Tuesday, July 20, 2010

Girls just want to have fungi

Anybody out there know what a mycophagist is?

Nor did I until this weekend, but apparently I am one.

According to dictionary.com, a mycophagist is "an epicure whose interest is mushrooms." (I had to look up epicure as well - "a person dedicated to sensual enjoyment")

Last summer, my uncle's girlfriend Heidi, who previously lived with hippies in Oregon (thank God for hippies), discovered that our family's property in Northern Colorado has a propensity for growing wild mushrooms.

Excuse me, what I really mean to say is that our property produces an absolute shit ton of mushrooms.

We can go mushroom hunting for an hour and often return with somewhere around fifteen pounds of edible fungi.

Eating wild mushrooms is a tricky business. There are all sorts of kinds that will mess you up and even kill you. Luckily Heidi knows a couple tricks for identifying the good ones and we also found this gem in our house:



Though we leave our trombones at home, we have found and identified about four types that are edible, delicious, and rampant on our property: Aspen boletes, oysters, giant puffballs and Meadow mushrooms. The title of this post is also a tasty morsel from the book.



We haven't found any puffballs quite as big as the one pictured above (nor can any of us grow such a killer stache), but we have found several slightly larger than a volleyball, and plenty about the size of your average cantaloupe.

For so many years we never knew we were sitting on such a gold mine. Now we can't wait for each summer to run peeking around the base of trees for the orange and red caps of the boletes and always have our eyes peeled for anything round and white popping up out of the trees.

It's like an adult version of a scavenger hunt with an added bonus of a tasty appetizer when you get home. It's perfect for me - I get to see exactly where my food is coming from and I get to feel like a kid again.

Tuesday, July 13, 2010

Tomehto Tomahto

We live in a townhouse. It's a great size for us, the rent is shockingly low for Boulder, and our landlords are incredible.

But we don't have a yard.

Well, kind of, but it's not ours. There is no fence, and the HOA makes all sorts of rules about it.

While it's nice not to feel so entrenched against a siege by our neighbors (besides, what is a 6 ft. wooden fence really going to do against a trebuchet, flaming arrows, and a battering ram? I intend to find out if I continue to have the misfortune of living in the suburbs for much longer), this lack of yard has two major downsides:

1. No dog.
2. No garden.

As noted in a previous post, we are combating (2) by potting plants on our back porch. Still working on (1).

In our makeshift, back porch Eden, we have four tomato plants (2 Patios and 2 Yellow Taxis), three pots of basil, two pots of oregano, one pot of thyme, sage and some failed cilantro (damn), a pot of chives, and a hanging basket of flowers mostly obtained from the Boulder Farmers' Market.

It doesn't look like much, but the herbs are incredible. I love smelling them as I water them, and it's even better to pick a bunch and crush them up. We've spiced up marinades, pasta sauces, potatoes, pizza dough, and bread with them. Every time we use them brings big smiles and always makes the meal.

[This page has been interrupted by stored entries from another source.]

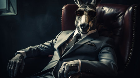 A kangaroo wearing a suit and tie with sunglasses, AI
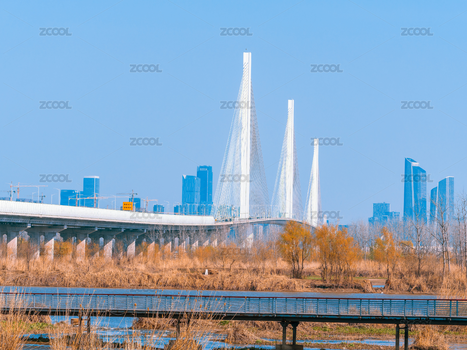 江心洲大橋河畔斜拉橋與青奧雙子塔
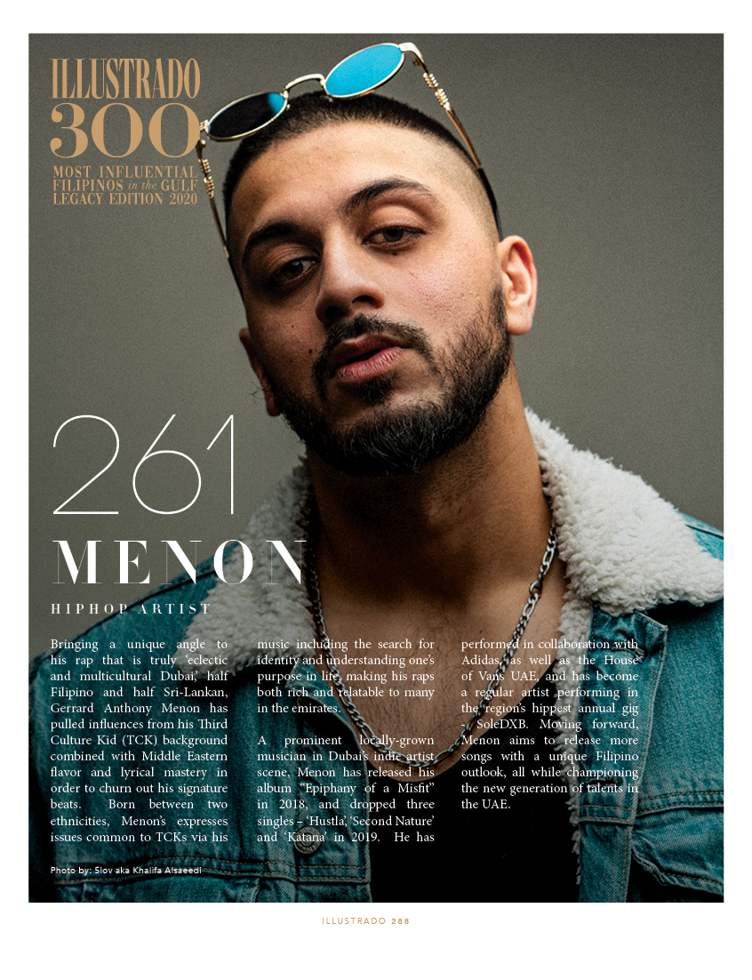 A prominent locally-grown musician in Dubai’s indie artist scene, Menon has released his album “Epiphany of a Misfit” in 2018, and dropped three singles – ‘Hustla’, ‘Second Nature’ and ‘Katana’ in 2019. He has performed in collaboration with Adidas, as well as the House of Vans UAE, and has become a regular artist performing in the region’s hippest annual gig – SoleDXB. Moving forward, Menon aims to release more songs with a unique Filipino outlook, all while championing the new generation of talents in the UAE.
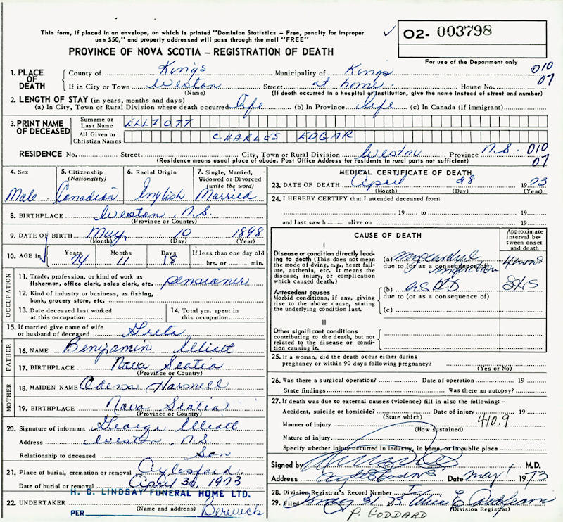 Birth Born on May 10, 1898 in Weston, Kings Co., NS Death Died on April 28, 1973 in Weston, Kings Co., NS Buried in Aylesford Union Cemetery in Aylesford, Kings Co., NS Marriages PALMER, Greta Delia Married on December 17, 1919 in Aylesford, Kings Co., NS Children ELLIOTT, George Benjamin: March 30, 1924 - July 16, 1996 ELLIOTT, Geraldine Maurie: 1935 - September 12, 2025 Notes Occupation: Farmer Death: Myocardial Infarction Sources Nova Scotia Deaths: Year 1973 #3798 Images Charles & Greta (Palmer) Elliott Charles Elliott Death Greta Palmer Marriage

AND, we've started getting our first tomatoes, much to the chagrin of both my grandpas and my parents. Granted, we cheated and got our tomato plants from the market where they were started in a greenhouse months ago, but I still plan to rub it in as long as their plants are running dry.

I really can't stand grocery store or restaurant tomatoes. It's hard to imagine how the farm industry could take such a deliciously flavorful fruit and turn it into a tasteless, pinkish mush. I haven't even gotten to make anything with ours because I've been eating them like apples. Actually more like outrageously juicy plums. They are that good.

Ironically enough, tasting good is not how a tomato qualifies for the produce section at the grocery store. Perfectly good tomatoes, and all other kinds of produce, never make it to the consumer because of the way they look. Again, this stems (haha) from the vast disconnect between us and our food. Since we never see the food we eat on the plant, all we have to base our selection off is what we see at the store, and we logically choose the tomatoes that look the best.

But take a trip to a local farm (or even my back porch), and you'll find that not every tomato is perfectly round without any blemishes on the skin. But if you're brave enough to take a bite, you'll also find they taste a helluva lot better than those bland, gelatinous excuses for flavor from aisle 6.

Sorry for the rant. I promise I'm done. I need to go water my tomatoes.